=== Begin Enclosure ===

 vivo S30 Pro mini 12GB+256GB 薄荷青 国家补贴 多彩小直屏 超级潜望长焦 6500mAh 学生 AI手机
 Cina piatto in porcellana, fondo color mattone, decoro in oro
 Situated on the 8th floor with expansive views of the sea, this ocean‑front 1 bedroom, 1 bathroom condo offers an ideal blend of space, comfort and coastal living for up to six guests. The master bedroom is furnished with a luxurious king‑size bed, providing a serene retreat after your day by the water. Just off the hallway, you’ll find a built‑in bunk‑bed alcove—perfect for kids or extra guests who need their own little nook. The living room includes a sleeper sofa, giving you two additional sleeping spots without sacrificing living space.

=== End Enclosure ===
=== Begin Enclosure ===

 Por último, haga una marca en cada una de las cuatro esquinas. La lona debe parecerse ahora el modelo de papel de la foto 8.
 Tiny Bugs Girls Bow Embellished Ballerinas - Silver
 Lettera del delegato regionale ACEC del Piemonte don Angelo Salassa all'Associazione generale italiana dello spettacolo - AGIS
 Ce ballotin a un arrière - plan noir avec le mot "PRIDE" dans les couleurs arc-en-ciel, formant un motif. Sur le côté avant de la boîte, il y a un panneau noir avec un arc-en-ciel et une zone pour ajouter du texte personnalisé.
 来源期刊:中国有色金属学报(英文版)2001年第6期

=== End Enclosure ===

_Work instruction_: In the entries above, the lines between the one holding "Ce ballotin a" and the one holding "来源期刊:中国有色金属学报(英文版)2001年第6期", inclusive, are to be printed exactly as written, and those alone.

_Answer below_:
 Ce ballotin a un arrière - plan noir avec le mot "PRIDE" dans les couleurs arc-en-ciel, formant un motif. Sur le côté avant de la boîte, il y a un panneau noir avec un arc-en-ciel et une zone pour ajouter du texte personnalisé.
 来源期刊:中国有色金属学报(英文版)2001年第6期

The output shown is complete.